##### RECORDS FOR THE EXERCISE #####

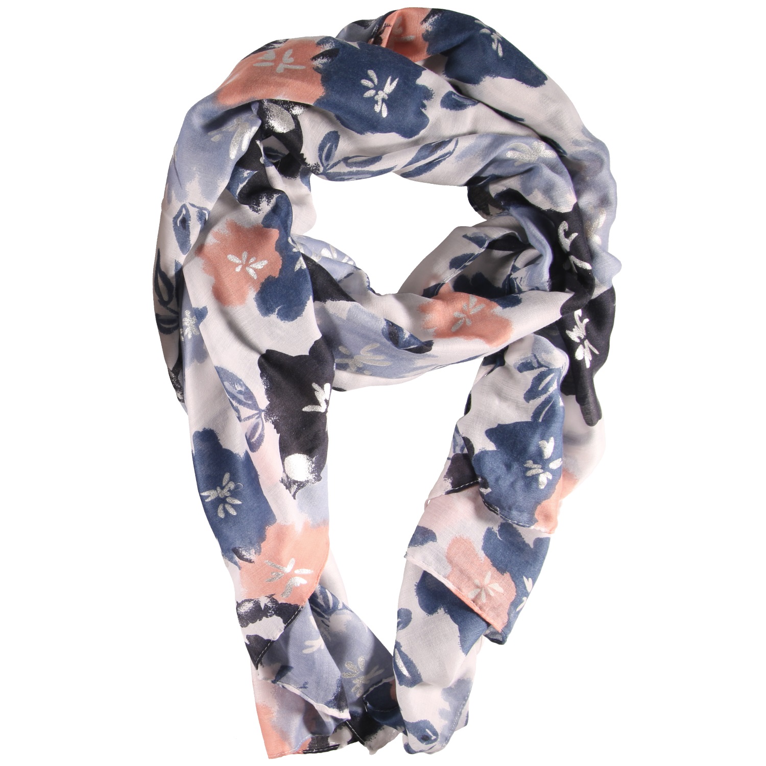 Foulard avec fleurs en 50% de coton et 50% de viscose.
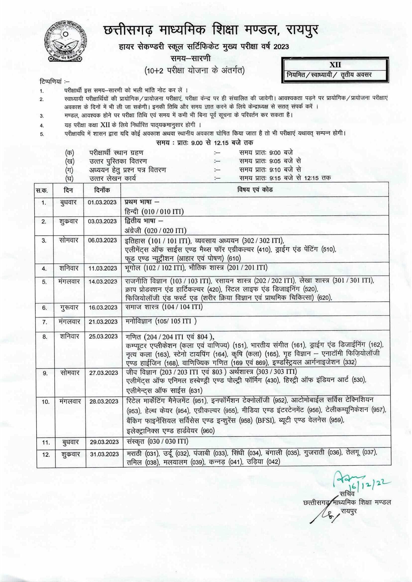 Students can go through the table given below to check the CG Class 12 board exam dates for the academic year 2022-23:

#####
##### RECORDS FOR THE EXERCISE #####

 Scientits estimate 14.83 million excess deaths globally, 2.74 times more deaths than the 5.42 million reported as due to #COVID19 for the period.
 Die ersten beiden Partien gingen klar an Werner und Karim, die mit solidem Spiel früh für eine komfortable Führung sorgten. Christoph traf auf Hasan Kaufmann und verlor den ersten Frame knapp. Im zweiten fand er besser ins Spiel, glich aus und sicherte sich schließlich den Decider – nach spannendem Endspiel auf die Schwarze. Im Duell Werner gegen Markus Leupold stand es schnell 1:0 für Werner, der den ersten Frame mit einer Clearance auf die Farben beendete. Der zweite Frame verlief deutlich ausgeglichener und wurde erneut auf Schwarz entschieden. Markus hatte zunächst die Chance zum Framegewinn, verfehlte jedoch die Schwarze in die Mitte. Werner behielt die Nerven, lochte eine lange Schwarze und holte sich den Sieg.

#####

§ THE TASK:
From the entries above, restate word for word the lines from the line containing "Scientits estimate 14.83" to the line containing "Die ersten beiden", both ends included, and nothing more.

§ THE COMPLETED TASK:
 Scientits estimate 14.83 million excess deaths globally, 2.74 times more deaths than the 5.42 million reported as due to #COVID19 for the period.
 Die ersten beiden Partien gingen klar an Werner und Karim, die mit solidem Spiel früh für eine komfortable Führung sorgten. Christoph traf auf Hasan Kaufmann und verlor den ersten Frame knapp. Im zweiten fand er besser ins Spiel, glich aus und sicherte sich schließlich den Decider – nach spannendem Endspiel auf die Schwarze. Im Duell Werner gegen Markus Leupold stand es schnell 1:0 für Werner, der den ersten Frame mit einer Clearance auf die Farben beendete. Der zweite Frame verlief deutlich ausgeglichener und wurde erneut auf Schwarz entschieden. Markus hatte zunächst die Chance zum Framegewinn, verfehlte jedoch die Schwarze in die Mitte. Werner behielt die Nerven, lochte eine lange Schwarze und holte sich den Sieg.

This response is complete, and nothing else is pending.